Papers / Resources


From Life Insurance Actuary to Disability Claims Scoring Geek (page 3)

Barry Senensky
JHA Disability Bulletin (page 3), September 2007


Dental Insurance Claims: Identification of Atypical Claims Activity

Barry Senensky & Jonathan Polon
Canadian Institute of Actuaries, Member's Paper, April 2007


One-Minute Claims Manager

Barry Senensky & Jonathan Polon
Re Group magazine, Munich Re


Predicting Return to Work with Data Mining

Barry Senensky & Jonathan Polon
Contingencies magazine, American Academy of Actuaries


Setting Reserves, Using Claim Scoring

Barry Senensky
CIA Annual Meeting, November 2005


Predicting Return to Work with Data Mining

Barry Senensky and Jonathan Polon
co-sponsored by the Society of Actuaries (SOA)
Technical paper (55 pages)


LTD Claims Tool Optimizes Resource Allocation

Barry Senensky
ING Re, Disability Forum, pp. 4-5


Sample Scoring Report

Jonathan Polon
Example of a monthly disability scoring report


Data Mining Goes Mainstream

Steve Lohr, New York Times
"It’s really starting to become mainstream," says Mr. Davenport, co-author with Jeanne G. Harris of "Competing on Analytics: The New Science of Winning" (Harvard Business School Press, 2007). The entry barrier, he says, "is no longer technology, but whether you have executives who understand this."


A Hard Look at Soft Fraud

Bingham et al, Contingencies Magazine, American Academy of Actuaries, March/April '06
"How is all of this accomplished? It starts with data, lots and lots of data. Valuable data buried in an organization’s claims, case management, and policy and loss control systems..."

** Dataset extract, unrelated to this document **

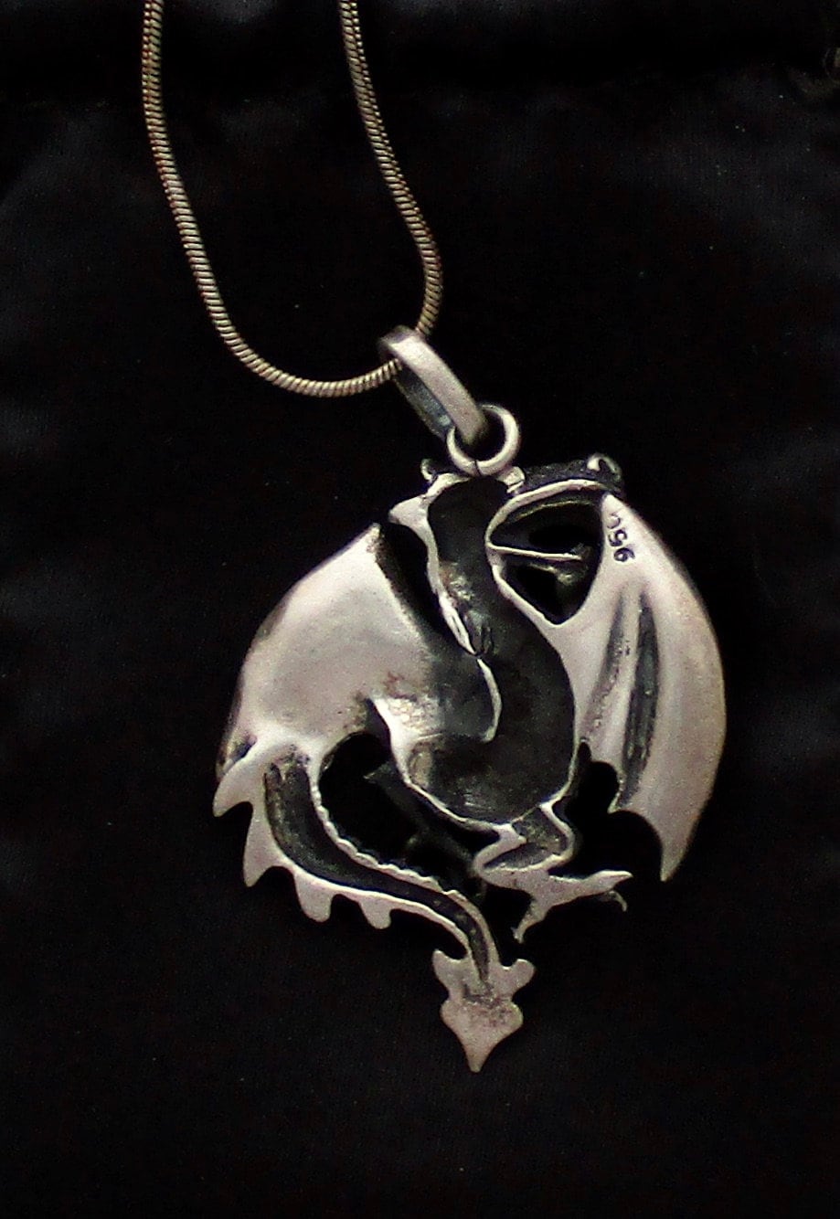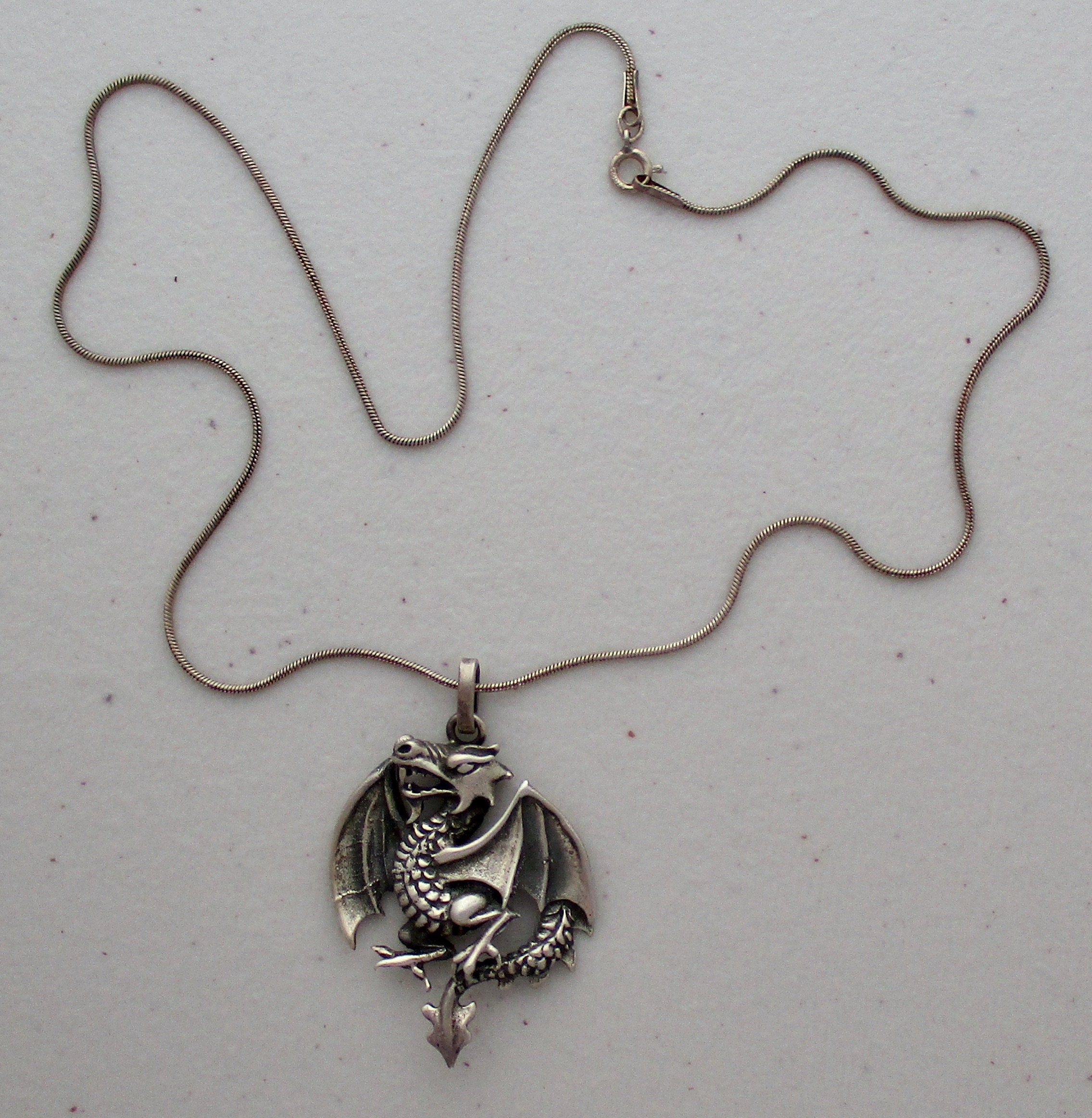 He is 1 1/2" tall and 1 1/4" wide. On the back, he is stamped '950' which means he is 95% sterling silver (regular sterling is '925' or 92.5%). The pendant and the 16" serpentine sterling silver chain together weigh over 10 grams.

Moneyball: The Art of Winning an Unfair Game

Michael Lewis (ISBN 0-393-05765-8)
"...The collected wisdom of baseball insiders ... is subjective and often flawed. By re-evaluating the strategies that produce wins on the field, Billy Beane and the Oakland Athletics, with approximately $55 million in salary, are competitive with the New York Yankees who spent over $205 million annually." [Wikipedia, "Moneyball"]


Claim Analytics was founded in 2000 by Barry Senensky and Jonathan Polon, both Canadian life insurance actuaries. Barry Senensky and Jonathan Polon had worked for the same major life insurance firm for many years, and knew that data mining techniques and predictive modeling were under-utilized by insurers. They were interested in starting their own business in the life insurance field. Their first predictive model they were commissioned to build was a claim scoring model, that scored ltd [long term disability] [LTD] claims on likelihood of return to work (rtw).

Jonathan Polon had recently led a team of model-builders in creating a highly successful predictive model to detect credit card fraud. He and Barry Senensky were convinced that many more applications for pattern detection and predictive models existed in insurance.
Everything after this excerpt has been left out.